Though use 0.0/0.1 have same {base, step}, but there are in different program
point, so if iv_cand is increased before use 0.0, the first use is transformed
into: MEM[var_before, 0], and use 0.1 will be transformed into: MEM[var_after,
-8].  Now the two memory reference have different expressions, though access to
the same object.  Afterwards, DOM failed to CSE them.
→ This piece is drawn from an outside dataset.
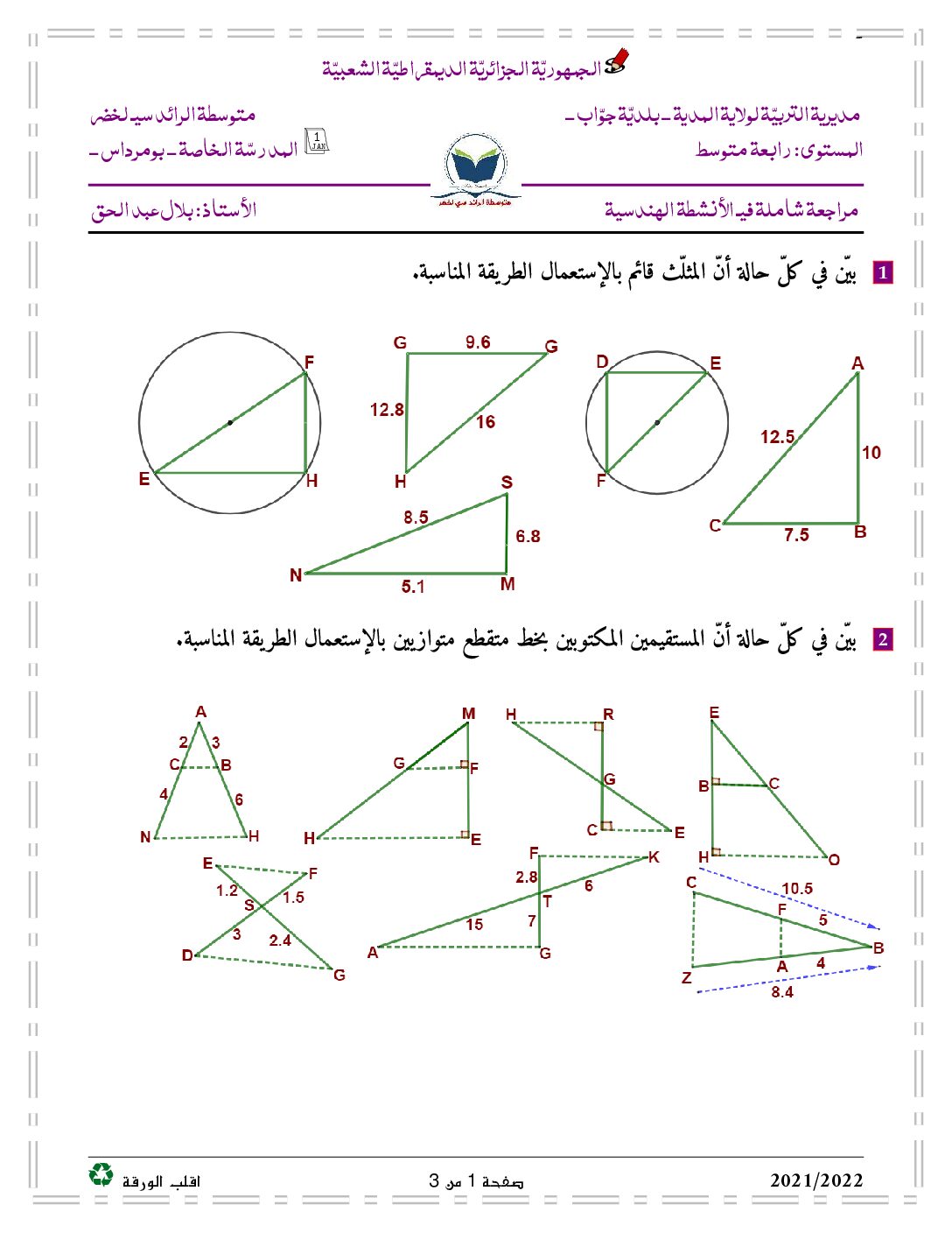 مراجعة شاملة في الأنشطة الهندسية إعداد الأستاذ بلال عبد الحق 4 متوسط أهم الخواص التي تساعد على البرهان في الهندسة 4 متوسط مادة الرياضيات للسنة الرابعة 4 متوسط : ملخص لدروس الرياضيات سنة رابعة متوسط maths 4AM: ملفات تعليمية في مادة الرياضيات لتحضير شهادة التعليم المتوسط
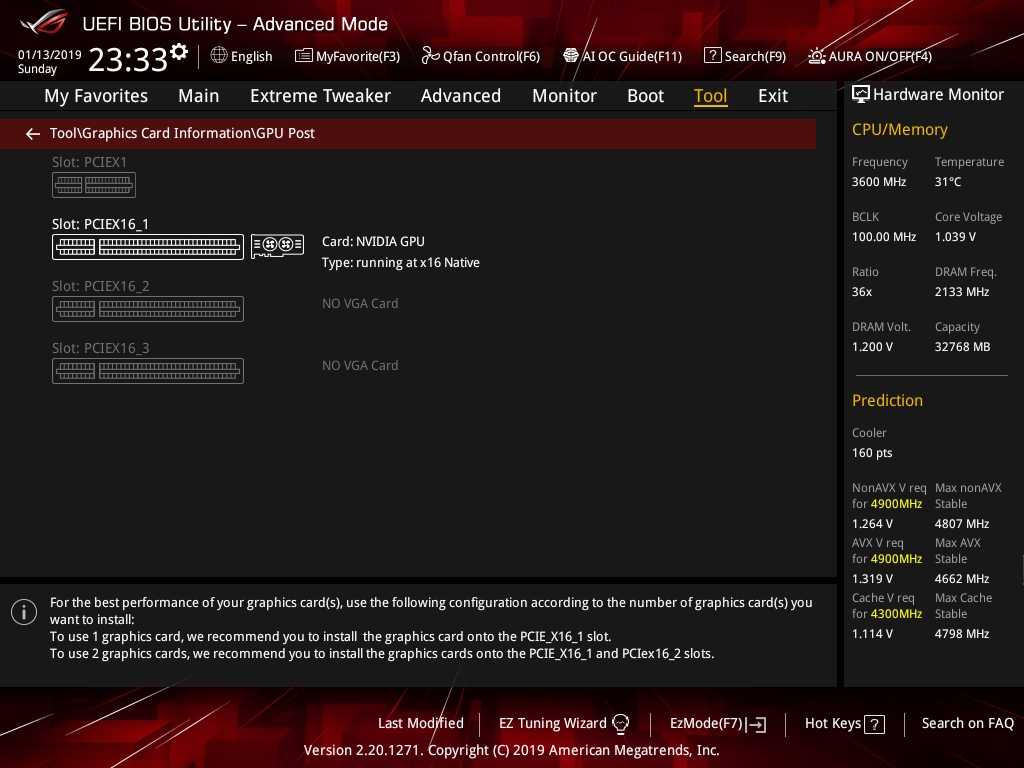 GPU/DIMM POST is one of those features whose benefit usually will be seen in the most stressful times like when something is not working. We actually wound up using this feature without intention on a previous ROG review, when a 32GB memory kit we were testing only showed up as 24GB. As we entered the BIOS after several attempts to fix the problem, we checked the GPU/DIMM POST and found that 2 modules were reading as “abnormal”. Powering the system off and resetting those DIMMs remedied the issue, but seeing that info directly in the firmware can save a lot of time when diagnosing errant behavior or instability; this kind of information being readily available is an invaluable asset to users. Additionally, the GPU POST option allows us to see the installed GPU’s in each slot, so that when benching LN2 or even on a liquid cooled gaming rig, the GPU POST screen can be checked to ensure identification of all installed cards is accomplished. See the BIOS Section for more info.

It is hard to decide which sub iv_use we should compute the cost, and which one
we can skip computing the cost.  Maybe I should revert this part of code which
was introduced to save a small amount of compilation time.

[Bug tree-optimization/71347] [7 regression] Performance drop after r235513 on x86-64 in 32-bit mode.

2016-05-31 Thread rguenth at gcc dot gnu.org
https://gcc.gnu.org/bugzilla/show_bug.cgi?id=71347

Richard Biener  changed:

   What|Removed |Added

 CC||amker.cheng at gmail dot com
   Target Milestone|--- |7.0

[Bug tree-optimization/71347] [7 regression] Performance drop after r235513 on x86-64 in 32-bit mode.

2016-05-30 Thread ysrumyan at gmail dot com
https://gcc.gnu.org/bugzilla/show_bug.cgi?id=71347

--- Comment #1 from Yuri Rumyantsev  ---
Created attachment 38600
  --> https://gcc.gnu.org/bugzilla/attachment.cgi?id=38600&action=edit
test-case to reproduce

Need to be compiled with -O2 -m32 -march=slm -ffast-math options on x64-64.